Dari pihak boru, kelompok ego (dan dongan tubu-nya) tidak boleh mengambil menantu perempuan. Jika hal itu dilanggar, maka perkawinan menjadi tidak searah. Perkawinan tidak searah tadi mengacaukan tatanan Dalihan Na Tolu, karena boru bisa menjadi hulahula dan sebaliknya. Secara teoritis dapat disimpulkan seperti itu.
Biasanya silsilah marga Batak Toba itu dapat menunjukkan nomor generasinya (seperti penulis adalah nomor 18 dalam marga Hutasoit). Ini sudah sangat jauh dari generasi kakek moyang saya. Kadang dalam beberapa nomor generasi, kita sudah tidak tahu kakek kita menikah atau mengambil istri dari marga mana.Â
Seharusnya menurut prinsip Dalihan Na Tolu, marga nenek saya pada generasi 1 atau 2 dan seterusnya adalah hulahula saya, dengan demikian marga itu tidak bisa mengambil menantu perempuan dari marga kami. Karena jika itu terjadi maka marga itu menjadi boru dari marga kami.

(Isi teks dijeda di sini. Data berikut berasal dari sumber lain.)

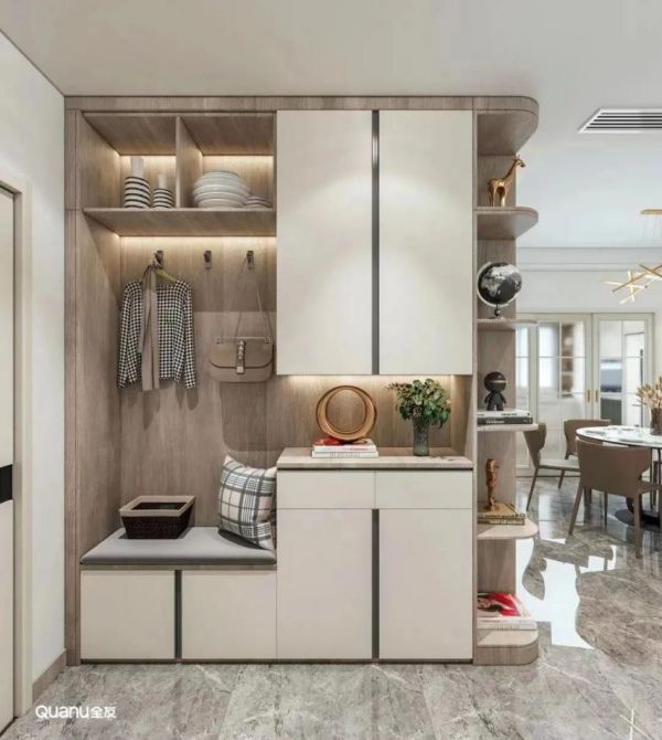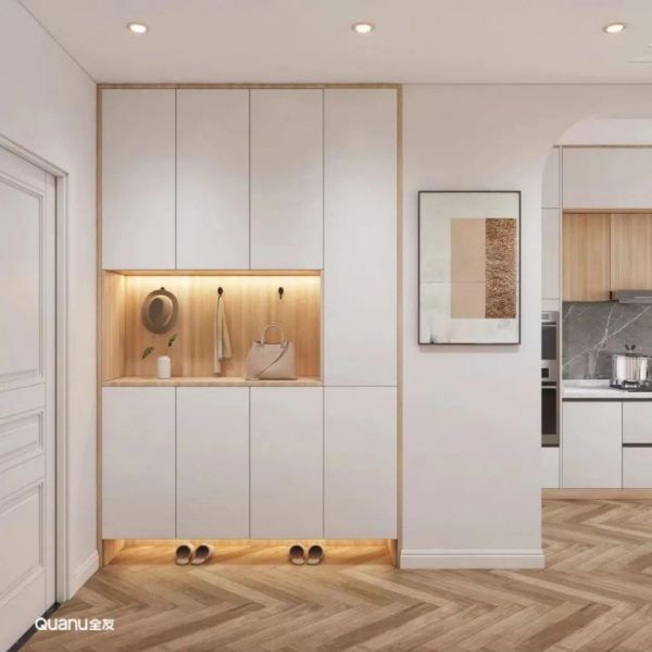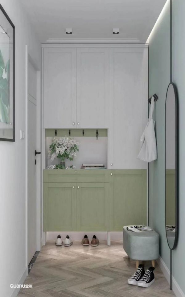 玄关柜中部留空,进出门可以随手拿放钥匙、雨伞等物品,不用再因为丢三落四而困扰。底部留空15cm左右,方便收纳和更换频繁穿着的鞋子,而且鞋子还会被柜体遮挡,让入户处更显干净整洁。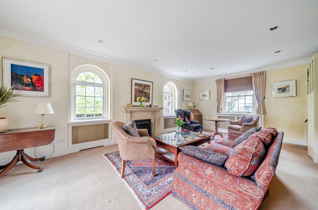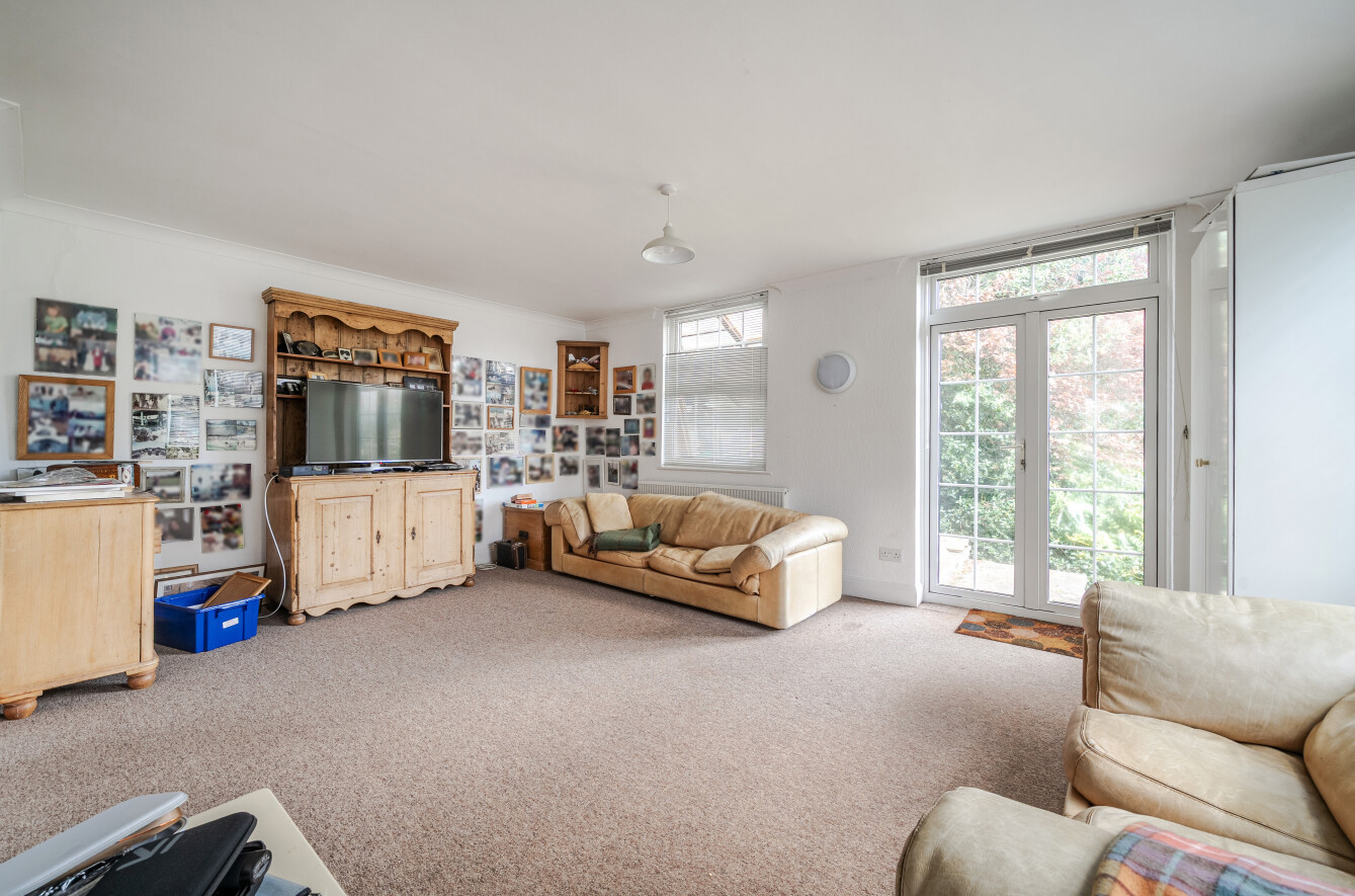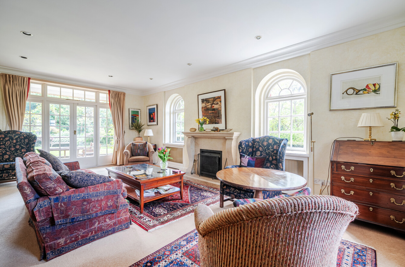 The formal living room extends to approximately 335 sq ft and features detailed cornicing and two beautiful arched windows flanking a stone fireplace, creating a striking focal point. A further front-facing window, together with wide glazed French doors opening onto the garden, ensures the room is filled with natural light throughout. The patio here is perfectly positioned to enjoy the morning sun with the sun remaining in the garden through the day.

Satu marga yang merupakan satuan kekerabatan sangat banyak warganya, dan seorang yang menjadi partisipan dalam marga sudah berada 20 generasi atau lebih. Tidak mungkin setiap orang dari satu marga dapat saling kenal. Tidak mungkin juga melakukan konfirmasi terhadap setiap partisipan dalam satu marga.
Gambaran seperti itu yang membuat prinsip "sisada anak, sisada boru" dalam lingkup marga tidak mungkin diterapkan lagi. Dengan demikian, Dalihan Na Tolu juga tidak mungkin diterapkan dalam berbasis marga.Â
Dalihan Na Tolu hanya bisa diterapkan dalam lingkup marga yang lebih kecil (cabang atau ranting), yang disebut saompu yakni mereka yang berada dalam satu klan keturunan yang memiliki satu kakek bersama dan nyata-nyata masih melakukan upacara kekerabatan secara bersama-sama.
***
Karena penulis bukan praktisi adat, penulis terbuka terhadap koreksi, kritik, dan masukan atas pendapat ini.